Our lab aims to develop advanced methods to decode complete RNA sequence information by creating a novel RNA sequencing platform with three unprecedented capabilities: 1) exhaustive sequencing of every RNA sequence without omission (targeting all RNA molecules), 2) unbiased sequencing of all RNA modifications (targeting all RNA nucleotides, modified or not), and 3) global profiling of RNA and its modifications in human diseases (targeting all RNA and modification changes). These unique capabilities have the potential to reveal the complete sequence information of RNA molecules for the first time, laying the foundation for the world’s first Human Epitranscriptome Project. This initiative aims to draft the first complete sequence of all human RNA molecules and their modifications, poised to be as significant as the Human Genome Project completed in 2003.
Read more—
1. Yuan X, Su Y, Johnson B, Kirchner M, Zhang X, Xu S, Jiang S, Wu J, Shi S, Russo JJ, Chen Q, Zhang S*. Mass Spectrometry-Based Direct Sequencing of tRNAs De Novo and Quantitative Mapping of Multiple RNA Modifications. J Am Chem Soc., 2024, DOI: 10.1021/jacs.4c07280. https://pubs.acs.org/doi/10.1021/jacs.4c07280
2. National Academies of Sciences, Engineering, and Medicine. 2024. Charting a Future for Sequencing RNA and Its Modifications: A New Era for Biology and Medicine. Washington, DC: The National Academies Press. https://doi.org/10.17226/27165
De Novo and Direct Sequencing of Modified RNA
Mass spectrometry (MS) is an essential tool for studying protein modifications, where peptide fragmentation produces “ladders” that reveal the identity and position of modifications. However, a similar approach is not yet feasible for RNA, because in situ fragmentation techniques that provide satisfactory sequence coverage do not exist. Aberrant RNA nucleobase modifications, especially methylations and pseudouridinylations, have been correlated to the development of major diseases like breast cancer, type-2 diabetes, and obesity, each of which affects millions of Americans. Despite their significance, the available tools to reliably identify, locate, and quantify nucleobase modifications in RNA are very limited.
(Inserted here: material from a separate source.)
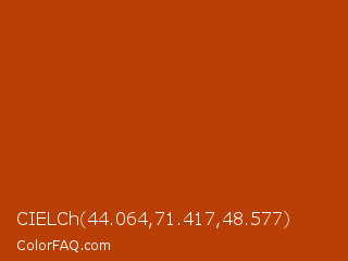 CIELCh 44.064,71.417,48.577 Color is a normal orange color and the nearest color is Rust #b7410e. Hex code #b93f06 and RGB value is rgb(185,63,6). In RGB color space, this color is composed of 73% red, 25% green, 2% blue, In CMYK color space, this color is composed of 0% cyan, 66% magenta, 97% yellow , 27% black , In HSL color space, this color has a hue angle of 19° , 94% saturation and 37% lightness.

As a result, we only know the function of a few modifications in contrast to the more than 100 RNA modifications that have been identified. One way to circumvent this issue is to perform prior chemical degradation of RNA so that well-defined mass ladders can be formed before entering the spectrometer. However, the structural uniformity of ladder sequences generated by the prerequisite RNA degradation is unsatisfactory, complicating downstream data analysis. We have spearheaded the development of a two-dimensional LC/MS-based de novo RNA sequencing tool by taking advantage of predictable regularities in liquid chromatographic separation of optimized RNA digests to greatly simplify the interpretation of complex MS data. To sequence RNA, the RNA sequence of interest is first chemically degraded to become a series of short fragments (sequence ladder). Comparison of an individual sequence ladder’s mass difference and the mass of the nucleoside monophosphate (or chemically modified nucleotide) allows simple sequence determination by LC-MS.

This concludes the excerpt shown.